Transcribe all data verbatim. Skip the pictures.
*** THE INPUT Section Begins ***
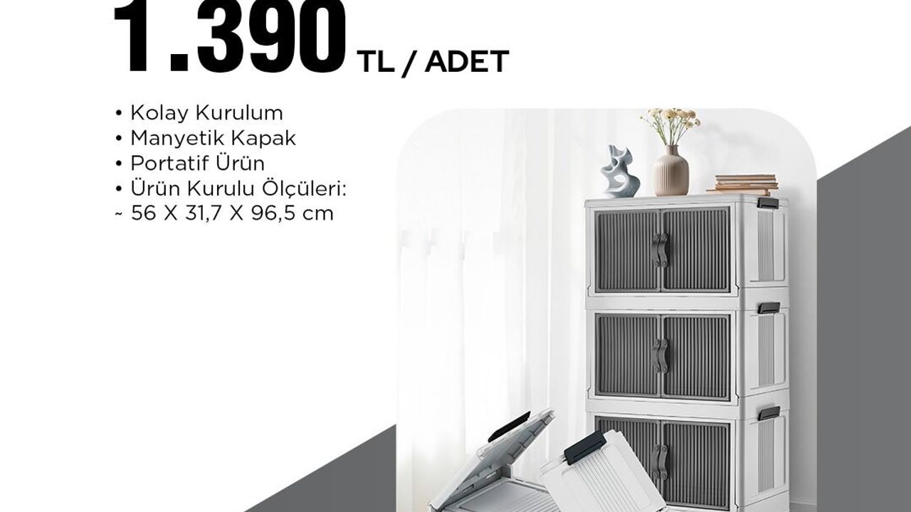 Görselde yer alan bilgilere göre, DECOLIVE markalı 3'lü katlanır dolap, 1.390 TL'den satışa sunulacak. Ürün, kolay kurulumu, manyetik kapağı ve portatif yapısıyla öne çıkıyor. Kurulum sonrası 56 x 31,7 x 96,5 cm ölçülerine sahip olan dolaptan stoklarda 7.000 adet bulunacak.
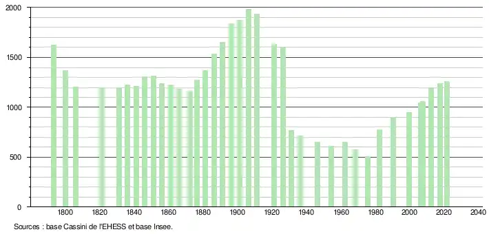 L'évolution du nombre d'habitants est connue à travers les recensements de la population effectués dans la commune depuis 1793. Pour les communes de moins de 10 000 habitants, une enquête de recensement portant sur toute la population est réalisée tous les cinq ans, les populations légales des années intermédiaires étant quant à elles estimées par interpolation ou extrapolation[30]. Pour la commune, le premier recensement exhaustif entrant dans le cadre du nouveau dispositif a été réalisé en 2007[31].
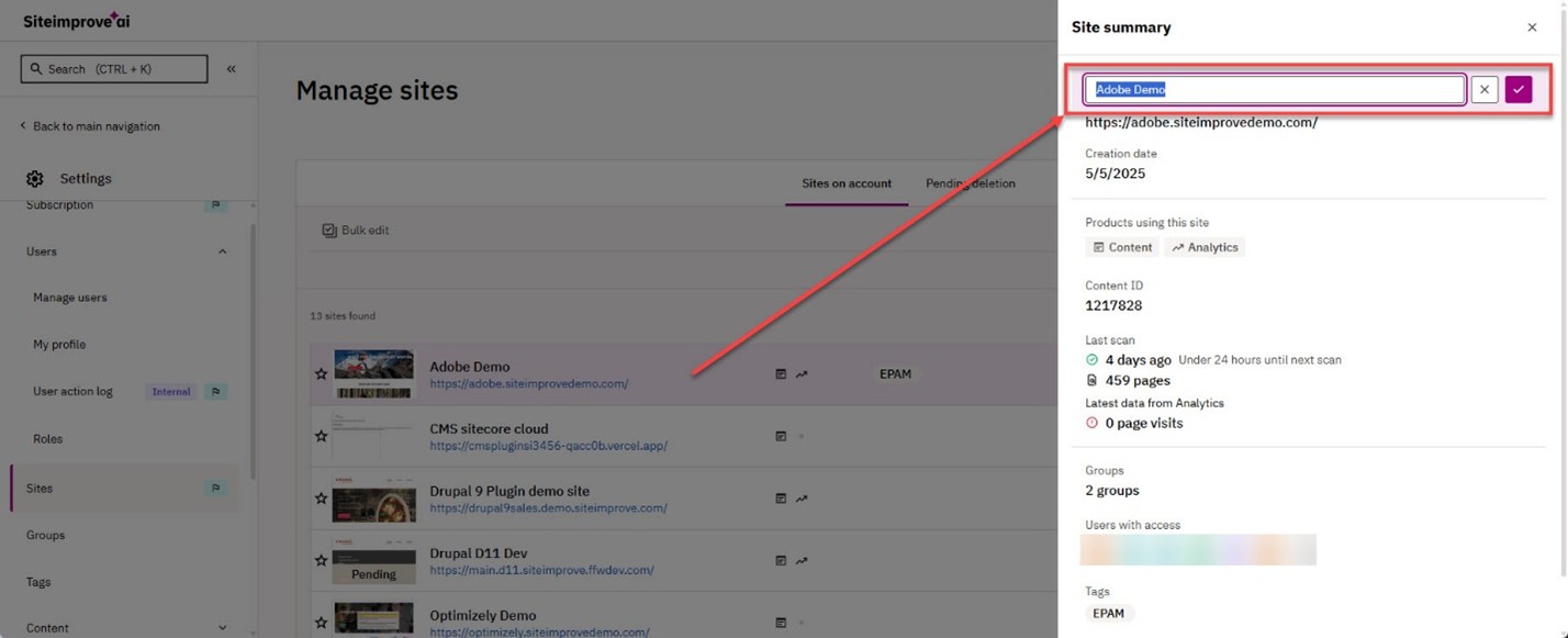 This article is intended to inform you about the different ways to edit a site within the Siteimprove platform.
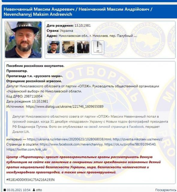 "Центр "Миротворець" просить правоохоронні органи розглядати дану публікацію як заяву про вчинення цим громадянином усвідомлених діянь проти національної безпеки України, миру, безпеки людства та міжнародного правопорядку, а також інших правопорушень", - йдеться на сайті.
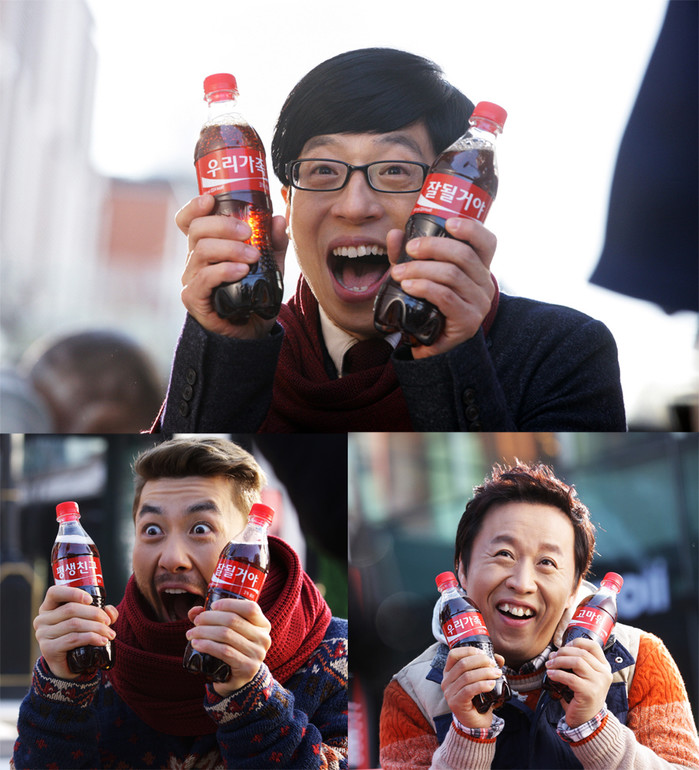‘유재석·정준하·노홍철’의 V라인 대결을 엿볼 수 있는 ‘코카-콜라 행복편’ 광고는 평소 어색하고 쑥스러워 전하지 못했던 마음을 ‘닉네임’과 ‘메시지’로 라벨링된 코카-콜라로 전하자는 내용을 담고 있다.
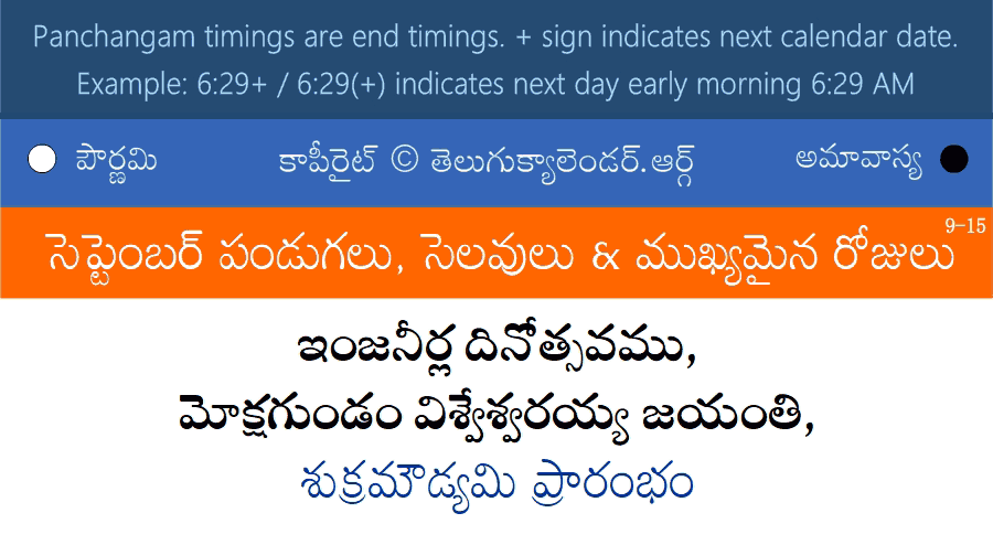 September 15, 2022 Panchangam Telugu Calendar Daily with Festivals, Subha Samayalu and Asubha Samayalu Timings.
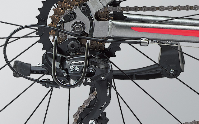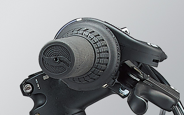 手指の小さいジュニアでも問題無く、直感的にギアシフトができるシマノ製グリップ式シフター。
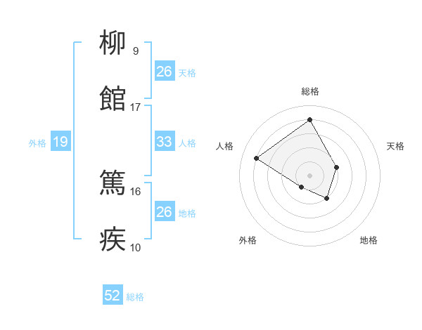 柳館 篤疾さんの総格は52画の4点!
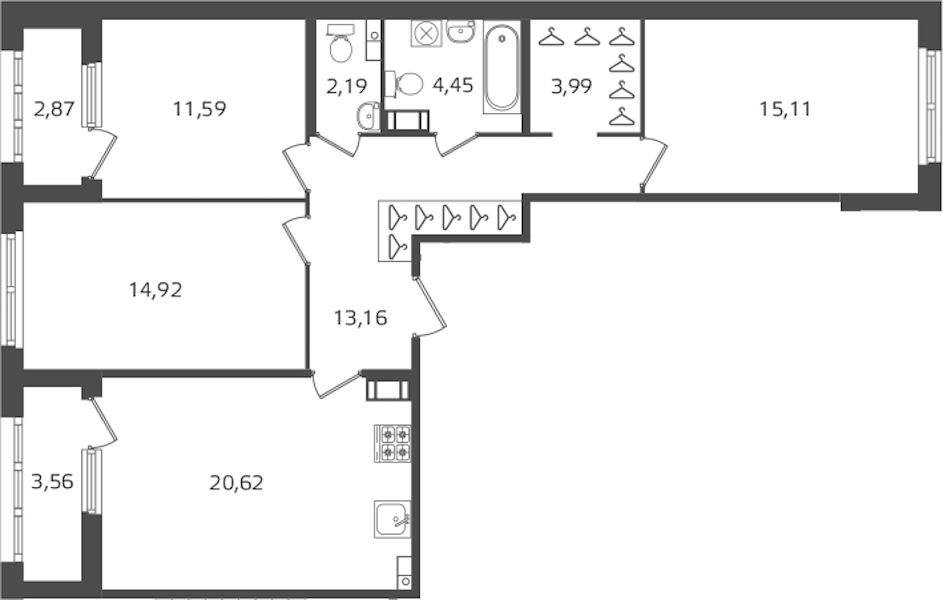 Выше представлены не все варианты квартир, а только часть популярных планировок. Введите данные и получите под ваш запрос планировки, цены, виды из окон и полную информацию по всем подходящим вариантам. 1/5
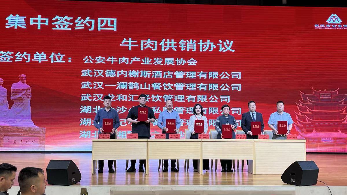 签约环节,公安县与省农科院签订“双百”科技赋能战略合作框架协议,公安牛肉产业高质量发展办公室与武汉老肖餐饮有限公司签订全面战略合作协议、与湖北中云数智农业有限公司签订“公安牛肉两湖地区千城万店”战略协议,公安牛肉协会与武汉市公安商会5家餐饮会员企业签订供销协议。
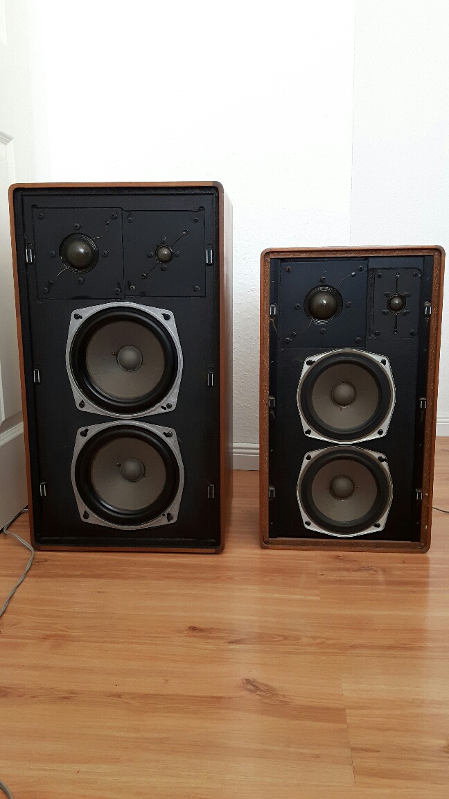 Nun war ich neugierig auf den großen Bruder, die L810 geworden. Ähliche Bestückung im Hoch-Mitteltonbereich, aber größeres Gehäusevolumen und zwei 16,5 cm (Sickendurchmesser) Tieftöner. Tatsächlich habe ich ein sehr gut erhaltenes Paar gefunden in nussbraun, fast keine Kratzer und sehr gut erhaltene Lochblechabdeckungen. Der Vergleichstest mit den L710 war dann jedoch ernüchternd. Hoch/Mitteltonbereich war in Ordnung und klang ähnlich (evtl. die Höhen etwas weniger klar), der Bassbereich war jedoch enttäuschend. Kein Volumen und bei weitem nicht so voll und tief wie bei der L710. An zwei Verstärkern und in verschiedenen Räumen der gleiche Effekt. Auch das Vertauschen der Pole der Anschlusskabel änderte nichts.
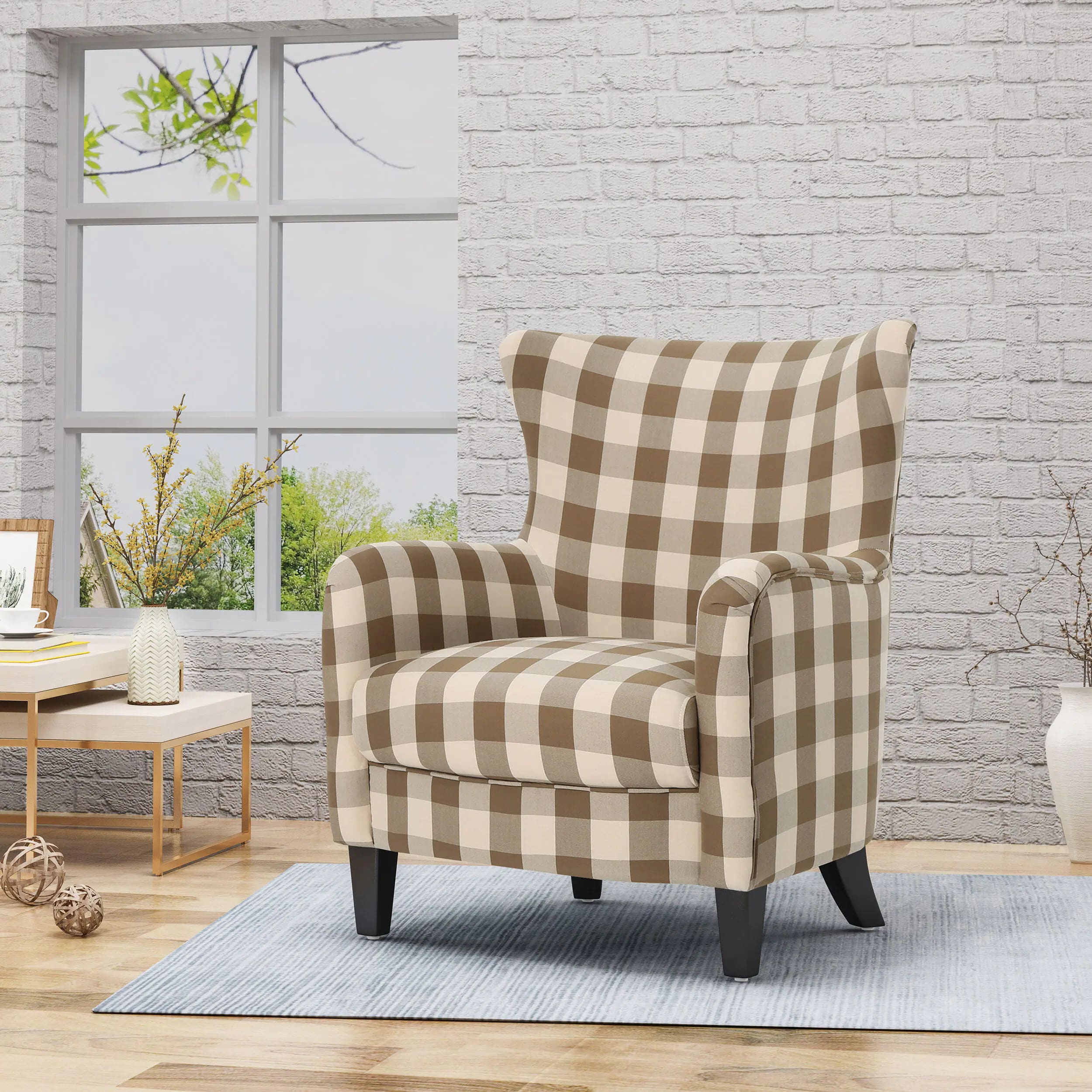 Noble House Arabella Brown Checkerboard Fabric Club Chair
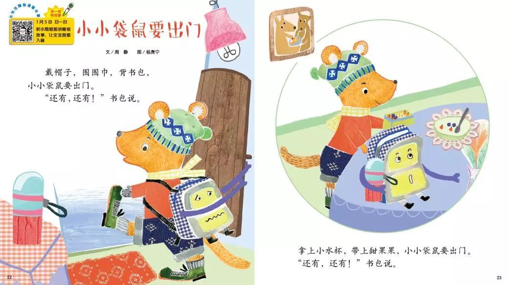 戴帽子,围围巾,背书包,带上了小水杯,带上了甜果果,跳进妈妈的大口袋,小小袋鼠出门去。
*** THE INPUT Section Ends ***
SOLUTION
 Görselde yer alan bilgilere göre, DECOLIVE markalı 3'lü katlanır dolap, 1.390 TL'den satışa sunulacak. Ürün, kolay kurulumu, manyetik kapağı ve portatif yapısıyla öne çıkıyor. Kurulum sonrası 56 x 31,7 x 96,5 cm ölçülerine sahip olan dolaptan stoklarda 7.000 adet bulunacak.
 L'évolution du nombre d'habitants est connue à travers les recensements de la population effectués dans la commune depuis 1793. Pour les communes de moins de 10 000 habitants, une enquête de recensement portant sur toute la population est réalisée tous les cinq ans, les populations légales des années intermédiaires étant quant à elles estimées par interpolation ou extrapolation[30]. Pour la commune, le premier recensement exhaustif entrant dans le cadre du nouveau dispositif a été réalisé en 2007[31].
 This article is intended to inform you about the different ways to edit a site within the Siteimprove platform.
 "Центр "Миротворець" просить правоохоронні органи розглядати дану публікацію як заяву про вчинення цим громадянином усвідомлених діянь проти національної безпеки України, миру, безпеки людства та міжнародного правопорядку, а також інших правопорушень", - йдеться на сайті.
‘유재석·정준하·노홍철’의 V라인 대결을 엿볼 수 있는 ‘코카-콜라 행복편’ 광고는 평소 어색하고 쑥스러워 전하지 못했던 마음을 ‘닉네임’과 ‘메시지’로 라벨링된 코카-콜라로 전하자는 내용을 담고 있다.
 September 15, 2022 Panchangam Telugu Calendar Daily with Festivals, Subha Samayalu and Asubha Samayalu Timings.
 手指の小さいジュニアでも問題無く、直感的にギアシフトができるシマノ製グリップ式シフター。
 柳館 篤疾さんの総格は52画の4点!
 Выше представлены не все варианты квартир, а только часть популярных планировок. Введите данные и получите под ваш запрос планировки, цены, виды из окон и полную информацию по всем подходящим вариантам. 1/5
 签约环节,公安县与省农科院签订“双百”科技赋能战略合作框架协议,公安牛肉产业高质量发展办公室与武汉老肖餐饮有限公司签订全面战略合作协议、与湖北中云数智农业有限公司签订“公安牛肉两湖地区千城万店”战略协议,公安牛肉协会与武汉市公安商会5家餐饮会员企业签订供销协议。
 Nun war ich neugierig auf den großen Bruder, die L810 geworden. Ähliche Bestückung im Hoch-Mitteltonbereich, aber größeres Gehäusevolumen und zwei 16,5 cm (Sickendurchmesser) Tieftöner. Tatsächlich habe ich ein sehr gut erhaltenes Paar gefunden in nussbraun, fast keine Kratzer und sehr gut erhaltene Lochblechabdeckungen. Der Vergleichstest mit den L710 war dann jedoch ernüchternd. Hoch/Mitteltonbereich war in Ordnung und klang ähnlich (evtl. die Höhen etwas weniger klar), der Bassbereich war jedoch enttäuschend. Kein Volumen und bei weitem nicht so voll und tief wie bei der L710. An zwei Verstärkern und in verschiedenen Räumen der gleiche Effekt. Auch das Vertauschen der Pole der Anschlusskabel änderte nichts.
 Noble House Arabella Brown Checkerboard Fabric Club Chair
 戴帽子,围围巾,背书包,带上了小水杯,带上了甜果果,跳进妈妈的大口袋,小小袋鼠出门去。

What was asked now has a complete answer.